* [Information provided]:
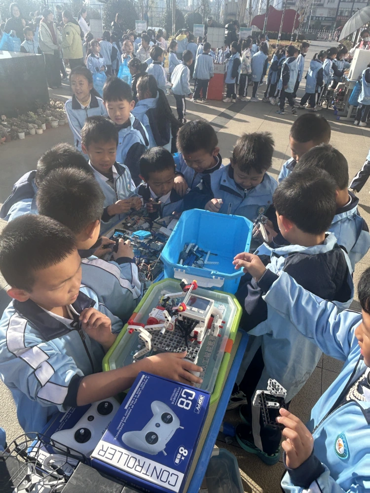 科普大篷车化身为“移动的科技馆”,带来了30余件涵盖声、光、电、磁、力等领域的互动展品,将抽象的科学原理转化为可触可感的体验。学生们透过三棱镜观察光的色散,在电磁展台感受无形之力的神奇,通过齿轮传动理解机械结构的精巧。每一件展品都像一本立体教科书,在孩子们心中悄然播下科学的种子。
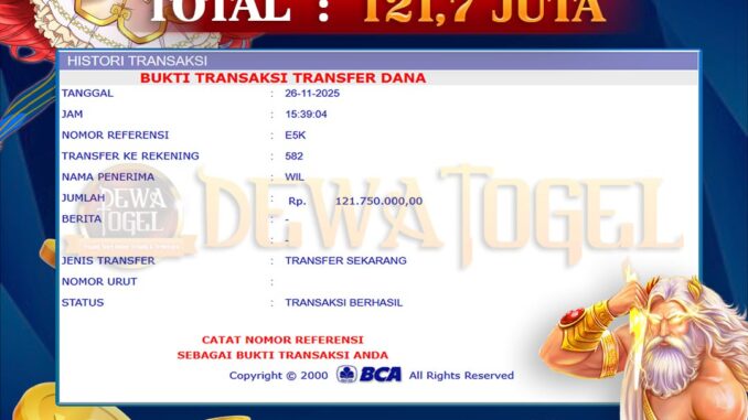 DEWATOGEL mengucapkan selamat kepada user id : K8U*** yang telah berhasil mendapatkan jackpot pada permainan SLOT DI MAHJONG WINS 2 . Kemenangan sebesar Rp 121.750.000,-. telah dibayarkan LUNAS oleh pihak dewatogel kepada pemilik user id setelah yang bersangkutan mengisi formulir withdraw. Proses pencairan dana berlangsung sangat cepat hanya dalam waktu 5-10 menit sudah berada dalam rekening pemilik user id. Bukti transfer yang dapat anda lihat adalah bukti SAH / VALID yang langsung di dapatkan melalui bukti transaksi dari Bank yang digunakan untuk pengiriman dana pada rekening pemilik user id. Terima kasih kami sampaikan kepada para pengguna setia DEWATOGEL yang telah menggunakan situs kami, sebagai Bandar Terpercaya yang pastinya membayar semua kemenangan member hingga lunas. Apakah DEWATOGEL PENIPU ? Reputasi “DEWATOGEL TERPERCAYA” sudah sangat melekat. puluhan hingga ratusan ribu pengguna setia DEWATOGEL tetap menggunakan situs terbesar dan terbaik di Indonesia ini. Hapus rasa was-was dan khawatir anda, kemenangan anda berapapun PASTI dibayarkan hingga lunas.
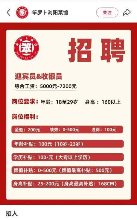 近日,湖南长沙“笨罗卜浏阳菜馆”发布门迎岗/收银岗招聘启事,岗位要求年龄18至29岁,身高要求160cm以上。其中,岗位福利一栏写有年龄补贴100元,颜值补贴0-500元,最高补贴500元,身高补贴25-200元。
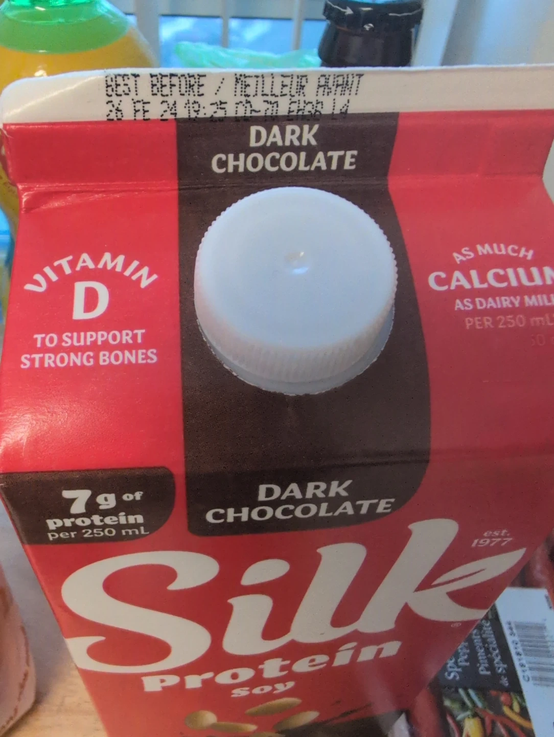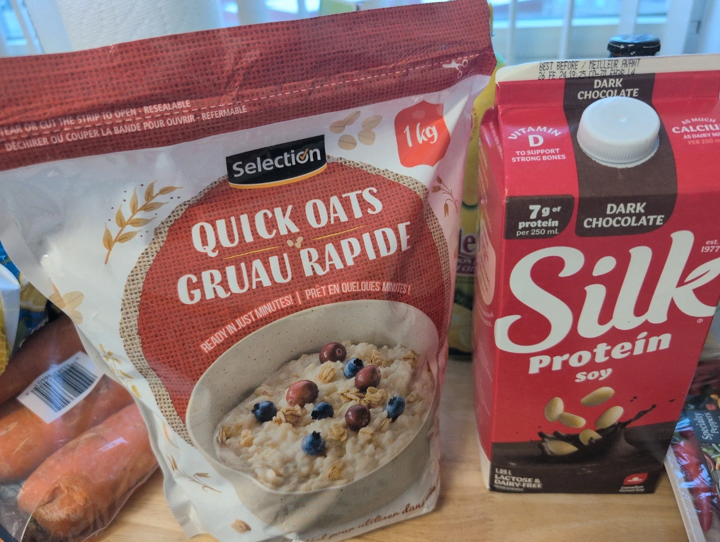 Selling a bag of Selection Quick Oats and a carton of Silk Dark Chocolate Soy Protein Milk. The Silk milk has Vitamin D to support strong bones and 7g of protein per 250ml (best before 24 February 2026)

* [Exercise brief]:
Everything in the listing except the pictures must come back exactly as written.

* [Written solution]:
 科普大篷车化身为“移动的科技馆”,带来了30余件涵盖声、光、电、磁、力等领域的互动展品,将抽象的科学原理转化为可触可感的体验。学生们透过三棱镜观察光的色散,在电磁展台感受无形之力的神奇,通过齿轮传动理解机械结构的精巧。每一件展品都像一本立体教科书,在孩子们心中悄然播下科学的种子。
 DEWATOGEL mengucapkan selamat kepada user id : K8U*** yang telah berhasil mendapatkan jackpot pada permainan SLOT DI MAHJONG WINS 2 . Kemenangan sebesar Rp 121.750.000,-. telah dibayarkan LUNAS oleh pihak dewatogel kepada pemilik user id setelah yang bersangkutan mengisi formulir withdraw. Proses pencairan dana berlangsung sangat cepat hanya dalam waktu 5-10 menit sudah berada dalam rekening pemilik user id. Bukti transfer yang dapat anda lihat adalah bukti SAH / VALID yang langsung di dapatkan melalui bukti transaksi dari Bank yang digunakan untuk pengiriman dana pada rekening pemilik user id. Terima kasih kami sampaikan kepada para pengguna setia DEWATOGEL yang telah menggunakan situs kami, sebagai Bandar Terpercaya yang pastinya membayar semua kemenangan member hingga lunas. Apakah DEWATOGEL PENIPU ? Reputasi “DEWATOGEL TERPERCAYA” sudah sangat melekat. puluhan hingga ratusan ribu pengguna setia DEWATOGEL tetap menggunakan situs terbesar dan terbaik di Indonesia ini. Hapus rasa was-was dan khawatir anda, kemenangan anda berapapun PASTI dibayarkan hingga lunas.
 近日,湖南长沙“笨罗卜浏阳菜馆”发布门迎岗/收银岗招聘启事,岗位要求年龄18至29岁,身高要求160cm以上。其中,岗位福利一栏写有年龄补贴100元,颜值补贴0-500元,最高补贴500元,身高补贴25-200元。
 Selling a bag of Selection Quick Oats and a carton of Silk Dark Chocolate Soy Protein Milk. The Silk milk has Vitamin D to support strong bones and 7g of protein per 250ml (best before 24 February 2026)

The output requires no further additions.